Common fields for specialized model configs.

Read more in Triton Inference server documentation

Parameters:

  • max_batch_size (int, default: 4 ) –

    The maximal batch size that would be handled by model.

  • batching (bool, default: True ) –

    Flag to enable/disable batching for model.

  • default_model_filename (Optional[str], default: None ) –

    Optional filename of the model file to use.

  • batcher (Union[DynamicBatcher, SequenceBatcher], default: DynamicBatcher() ) –

    Configuration of Dynamic Batching for the model.

  • instance_groups (List[InstanceGroup], default: lambda: []() ) –

    Instance groups configuration for multiple instances of the model

  • parameters (Dict[str, str], default: lambda: {}() ) –

    Custom parameters for model or backend

  • response_cache (bool, default: False ) –

    Flag to enable/disable response cache for the model

  • warmup (Dict[str, ModelWarmup], default: lambda: {}() ) –

    Warmup configuration for model

backend abstractmethod property

backend

Backend property that has to be overridden by specialized configs.

custom_fields property

custom_fields

Custom fields that are configured as parameters.

__post_init__

__post_init__()

Validate the configuration for early error handling.

Source code in model_navigator/triton/specialized_configs/base_model_config.py
def __post_init__(self) -> None:
    """Validate the configuration for early error handling."""
    if self.batching and self.max_batch_size <= 0:
        raise ModelNavigatorWrongParameterError("The `max_batch_size` must be greater or equal to 1.")

    if type(self.batcher) not in [DynamicBatcher, SequenceBatcher]:
        raise ModelNavigatorWrongParameterError("Unsupported batcher type provided.")

    if self.backend != Backend.TensorRT and any(group.profile for group in self.instance_groups):
        raise ModelNavigatorWrongParameterError(
            "Invalid `profile` option. The value can be set only for `backend=Backend.TensorRT`"
        )

model_navigator.triton.ONNXModelConfig dataclass

ONNXModelConfig(max_batch_size=4, batching=True, default_model_filename=None, batcher=DynamicBatcher(), instance_groups=lambda: [](), parameters=lambda: {}(), response_cache=False, warmup=lambda: {}(), inputs=lambda: [](), outputs=lambda: [](), platform=None, optimization=None)

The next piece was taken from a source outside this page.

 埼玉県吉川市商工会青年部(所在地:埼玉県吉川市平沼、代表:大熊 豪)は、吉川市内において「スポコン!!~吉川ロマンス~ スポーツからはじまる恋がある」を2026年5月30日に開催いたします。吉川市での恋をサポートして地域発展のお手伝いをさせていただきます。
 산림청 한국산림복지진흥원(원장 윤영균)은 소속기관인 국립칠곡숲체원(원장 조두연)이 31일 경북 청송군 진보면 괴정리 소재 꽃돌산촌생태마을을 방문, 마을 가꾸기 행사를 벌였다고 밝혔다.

Bases: BaseSpecializedModelConfig

Specialized model config for ONNX backend supported model.

Parameters:

  • platform (Optional[Platform], default: None ) –

    Override backend parameter with platform. Possible options: Platform.ONNXRuntimeONNX

  • optimization (Optional[ONNXOptimization], default: None ) –

    Possible optimization for ONNX models

backend property

backend

Define backend value for config.

custom_fields property

custom_fields

Custom fields that are configured as parameters.

__post_init__

__post_init__()

Validate the configuration for early error handling.

Source code in model_navigator/triton/specialized_configs/onnx_model_config.py
def __post_init__(self):
    """Validate the configuration for early error handling."""
    super().__post_init__()
    if self.optimization and not isinstance(self.optimization, ONNXOptimization):
        raise ModelNavigatorWrongParameterError("Unsupported optimization type provided.")

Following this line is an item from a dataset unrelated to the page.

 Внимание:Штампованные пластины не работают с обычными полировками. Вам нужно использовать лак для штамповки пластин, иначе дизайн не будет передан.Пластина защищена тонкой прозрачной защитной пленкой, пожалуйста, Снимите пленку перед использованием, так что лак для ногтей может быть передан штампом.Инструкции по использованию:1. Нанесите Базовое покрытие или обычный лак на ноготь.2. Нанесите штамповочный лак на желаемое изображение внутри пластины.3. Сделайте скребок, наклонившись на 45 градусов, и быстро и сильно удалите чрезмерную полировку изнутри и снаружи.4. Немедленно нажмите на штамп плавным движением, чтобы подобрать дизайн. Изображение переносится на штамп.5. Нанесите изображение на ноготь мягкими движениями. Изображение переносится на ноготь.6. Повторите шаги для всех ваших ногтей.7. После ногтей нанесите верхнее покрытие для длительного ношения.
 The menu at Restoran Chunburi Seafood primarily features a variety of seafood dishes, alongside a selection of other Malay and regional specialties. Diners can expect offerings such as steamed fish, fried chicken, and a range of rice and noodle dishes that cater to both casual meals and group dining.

    if self.platform and self.platform != Platform.ONNXRuntimeONNX:
        raise ModelNavigatorWrongParameterError(f"Unsupported platform provided. Use: {Platform.ONNXRuntimeONNX}.")

model_navigator.triton.ONNXOptimization dataclass

ONNXOptimization(accelerator)

ONNX possible optimizations.

Parameters:

__post_init__

__post_init__()

Validate the configuration for early error handling.

Source code in model_navigator/triton/specialized_configs/onnx_model_config.py
def __post_init__(self):
    """Validate the configuration for early error handling."""
    if self.accelerator and type(self.accelerator) not in [OpenVINOAccelerator, TensorRTAccelerator]:
        raise ModelNavigatorWrongParameterError("Unsupported accelerator type provided.")

model_navigator.triton.PythonModelConfig dataclass

PythonModelConfig(max_batch_size=4, batching=True, default_model_filename=None, batcher=DynamicBatcher(), instance_groups=lambda: [](), parameters=lambda: {}(), response_cache=False, warmup=lambda: {}(), inputs=lambda: [](), outputs=lambda: []())

Bases: BaseSpecializedModelConfig

Specialized model config for Python backend supported model.

Parameters:

backend property

backend

Define backend value for config.

custom_fields property

custom_fields

Custom fields that are configured as parameters.

__post_init__

__post_init__()

Validate the configuration for early error handling.

Source code in model_navigator/triton/specialized_configs/python_model_config.py
def __post_init__(self) -> None:
    """Validate the configuration for early error handling."""
    super().__post_init__()
    assert len(self.inputs) > 0, "Model inputs definition is required for Python backend."
    assert len(self.outputs) > 0, "Model outputs definition is required for Python backend."

model_navigator.triton.PyTorchModelConfig dataclass

PyTorchModelConfig(max_batch_size=4, batching=True, default_model_filename=None, batcher=DynamicBatcher(), instance_groups=lambda: [](), parameters=lambda: {}(), response_cache=False, warmup=lambda: {}(), inputs=lambda: [](), outputs=lambda: [](), platform=None)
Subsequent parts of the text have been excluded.